The Dynamic HTML Document Object

One of the primary differences between the Dynamic HTML Object Model and the model currently supported by IE 3.0 is in the definition of the HTML document object (see Figure 4). The document object represents the Web page currently displayed within the window. It exposes the contents of the page through a series of properties, methods, events, and collections.
Document Object
Events onclick, ondblclick, onkeydown, onkeypress, onkeyup, onload, onmousedown, onmousemove, onmouseout, onmouseover, onmouseup, onmousewheel, onreadyStateChange, resize, onselectionchange, onhelp, onzoom, onenter, onexit, onbeforeupdate, onafterupdate
Methods write, writeLn, open, close, clear, save, new, rangeFromText, elementFromPoint, execCommand, rangeFromElement, rangeFromPoint, queryCommandState, queryCommandEnabled, queryCommandText, queryCommandSupported, execCommandShowHelp, queryCommandIndeterm, createElement, getMember, setMember
Properties linkColor, aLinkColor, vLinkColor, bgColor, fgColor, location, lastModified, title, cookie, referrer, body, domain, readyState, saved, scrollbars, keepScrollbarsVisible, zoom, URL, link, vlink, aLink
Collections anchors, links, forms, all, applets, frames, images, scripts, styleRules
Element objects are used to represent the HTML tags contained within the Web page.
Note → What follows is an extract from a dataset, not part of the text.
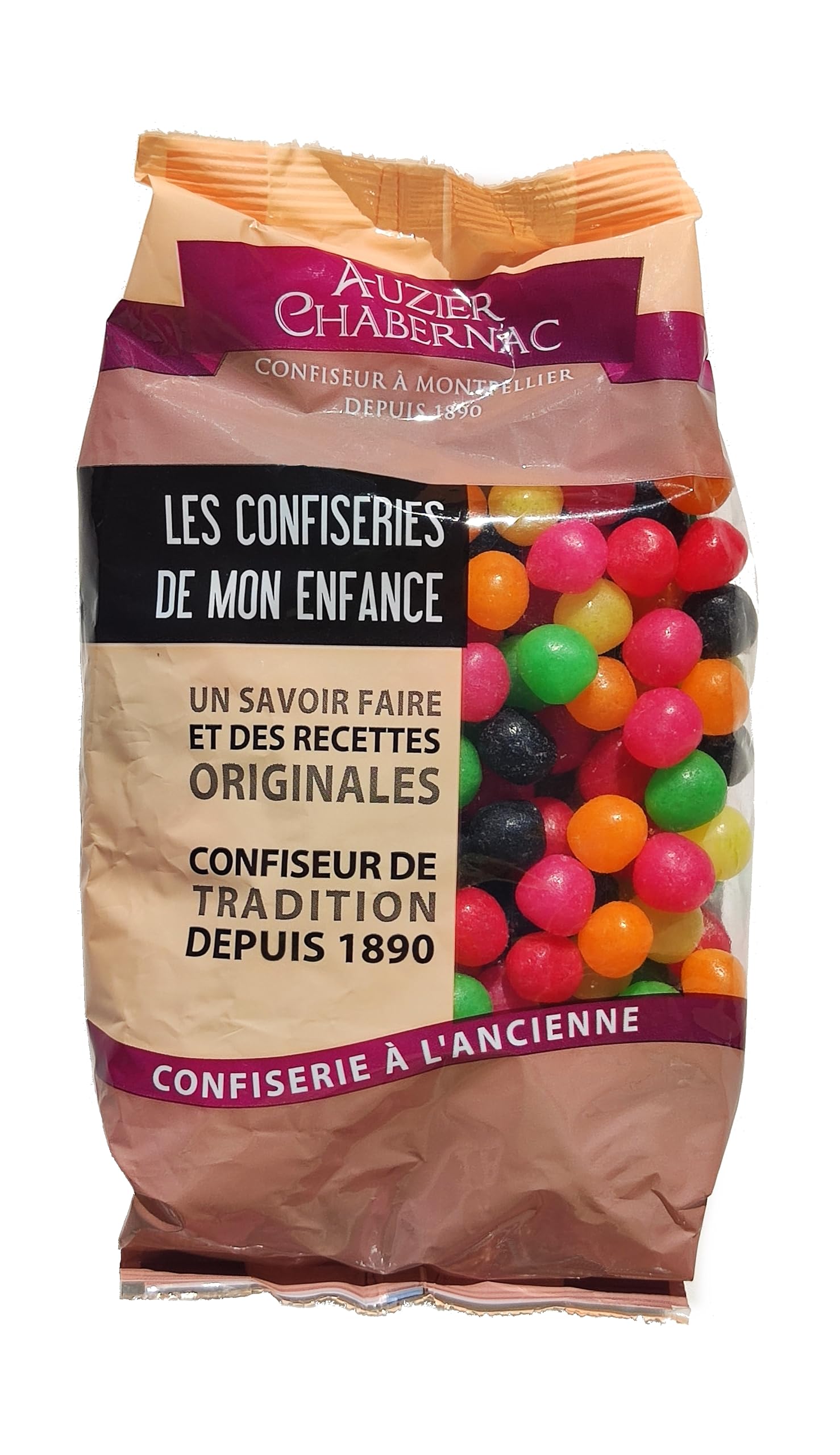 : Multicolored candies with a soft center and natural fruit flavors. FLAVORS OF YESTERYEAR. Made in France. Located a few kilometers from Montpellier, the AUZIER CHABERNAC confectionery company strives to produce, using modern methods, the same candies that made their predecessors famous. The sweets of my childhood. Generous size. THE AUZIER HOUSE: HISTORY: The AUZIER company was founded in 1923 by Léon AUZIER. At that time, there were five confectioners in Montpellier, all producing licorice, gumballs, marshmallows, and sugared almonds. They were the last successors of a guild dating back to the Middle Ages, when confectionery was closely linked to pharmacy, in a city where Jacques Cœur had introduced products from the Orient. In Montpellier, during Rabelais's time, apothecaries were constantly innovating, and students offered sugared almonds to celebrate their theses. Today, AUZIER CHABERNAC perpetuates the Montpellier tradition through its expertise and traditional recipes for vanilla paste, licorice paste, honey licorice, marshmallows, and of course, sugared almonds. TODAY: All AUZIER CHABERNAC confectionery is made according to time-honored recipes, jealously guarded for three generations of confectioners. Particular care is taken in selecting raw materials from various partners to guarantee consistent quality and satisfy discerning customers. Ingredients: Sugar, glucose syrup, wheat starch, pea starch, citric acid, natural flavorings: lemon, blackcurrant, strawberry, blueberry, peach, green apple, orange, colors: E 153, E 104, E 102-131, E 122, E 129, E 124, E 110. Lubricants: vegetable oil and carnauba wax. The colorings E 104, E 102-E 131, E 122, E 129, E 110, and E 124 may have adverse effects on activity and attention in children. Allergens: Wheat, may contain traces of egg, soy lecithin, and nuts. P.when('A').execute(function(A) { A.on('a:expander:toggle_description:toggle:collapse', function(data) { window.scroll(0, data.expander. expander[0].offsetTop-100) }) }) Instructions for use: Suitable for children aged 3 and up. Appreciate original recipes. See moreFrom 3 years old. Allergens: Wheat, may contain traces of egg, soy lecithin, and nuts. Traditional confectioner since 1890. Old-fashioned confectionery. Expertise and original recipes. Made in France in St Gély du Fesc - a few kilometers from Montpellier (34). The sweets of my childhood. Natural flavors: strawberry, lemon, peach, green apple, passion fruit, blueberry, orange essence. Multicolored balls with a soft center. 500g bag.Description du produit Des billes multicolores, au coeur tendre et aux arômes naturels de fruits. LES SAVEURS D'ANTAN Fabriqué en France. Installés à quelques kilomètres de Montpellier, le confiseur AUZIER CHABERNAC s'efforçe de produire avec les moyens d'aujourd'hui les mêmes bonbons qui ont fait la renommée de leurs prédécesseurs. Les confiseries de mon enfance. Format généreux. LA MAISON AUZIER : HISTORIQUE : La maison AUZIER a été créée en 1923 par Léon AUZIER. En ce temps là, il y avait à Montpellier cinq confiseurs qui fabriquaient tous de la réglisse, des boules de gomme, de la guimauve et des dragées. Ils étaient les derniers successeurs d'une corporation venue du Moyen-Age où la confiserie voisinait avec la pharmacie, dans une ville où Jacques Cœur avait introduit les produits d'Orient. A Montpellier, au temps de Rabelais, les apothicaires multipliaient leurs inventions et les étudiants offraient des dragées pour fêter leur thèse. Aujourd'hui, AUZIER CHABERNAC perpétue la tradition de Montpellier par son savoir faire et ses recettes traditionnelles de pâte vanillée, pâte de réglisse, réglisse au miel, guimauve et bien sûr, les dragées. AUJOURD'HUI : Toutes les confiseries AUZIER CHABERNAC sont réalisées dans le respect des recettes d'autrefois, jalousement gardées depuis 3 générations de confiseur. Un soin particulier est apporté à la sélection des matières premières, auprès des différents partenaires, afin de garantir une qualité constante, et satisfaire une clientèle de gourmands. Ingrédients Sucre, Sirop de glucose, amidon de BLE, amidon de pois, acide citrique, arômes naturels : citron, cassis, fraise, myrtille, pêche, pomme verte, orange, colorants : E 153, E 104, E 102-131, E 122, E 129, E 124, E 110. Agents de graissage : huile végétale et cire de carnauba. Les colorants E 104 E 102-E 131, E 122, E 129, E 110, E 124, peuvent avoir des effets indésirables sur l'activité et l'attention chez les enfants. Allergènes : Blé, peut contenir des traces d'œuf, de lécithine de soja et de fruits à coques. P.when('A').execute(function(A) { A.on('a:expander:toggle_description:toggle:collapse', function(data) { window.scroll(0, data.expander. expander[0].offsetTop-100) }) }) Mode d'emploi Consommation à partir de 3 ans. Savoir apprécier les recettes originales. Voir plusA partir de 3 ans. Allergènes : Blé, peut contenir des traces d'œuf, de lécithine de soja et de fruits à coques. Confiseur de tradition depuis 1890. Confiserie à l'ancienne. Un savoir faire et des recettes originales. Fabriqué en France à St Gély du Fesc - à quelques km de Montpellier (34). Les confiseries de mon enfance. Arômes naturels : fraise, citron, pêche, pomme verte, fruits de la passion, myrtille, essence d'orange. Des billes multicolores, au coeur tendre. Sac de 500g.AUZIER CHABERNAC Bonbons Roule Roule billes aromatisée aux fruits - Confiserie de Tradition : (Sac 500g : Lot de 1.)

Every element object exposes a common set of properties and methods. In addition, each object exposes additional properties, methods, and events that are unique to the type of tag it represents.

Element Object
Methods scrollIntoView, contains, removeMember, getMember, setMember
Properties id, name, parentElement, tagname, Class, top, left, sourceIndex, style, form, document__
The document object exposes these element objects through a set of collections as illustrated in Figure 4. A collection is an array of element objects that are ordered based on the relative positions of their tags within the HTML source. Collections expose a read-only length property that returns the number of element objects in the collection. They also expose two methods.
Figure 4: The Dynamic HTML Object Model
Figure 4: The Dynamic HTML Object Model

The item method provides access to the individual element objects within the collection. It takes a single parameter which can either be the element's name, id, or position:
 scripts.item(3).property 

images.item("logo").method
This method is the collection's default method and can be invoked implicitly:
 scripts(3).property

images("logo").method
The tags method returns a collection of element objects which represent the specified type of tag:
 IFrameTags = all.tags("IFRAME")

AreaTags = links.tags("AREA")
The all collection consists of every tag contained within the Web page whether or not the HTML Viewer recognizes them. The anchors, frames, forms, images, links, scripts, applets, and styleRules collections consist of subsets of the all collection—each one containing the element objects that correspond to its specific set of HTML tags (see Figure 4).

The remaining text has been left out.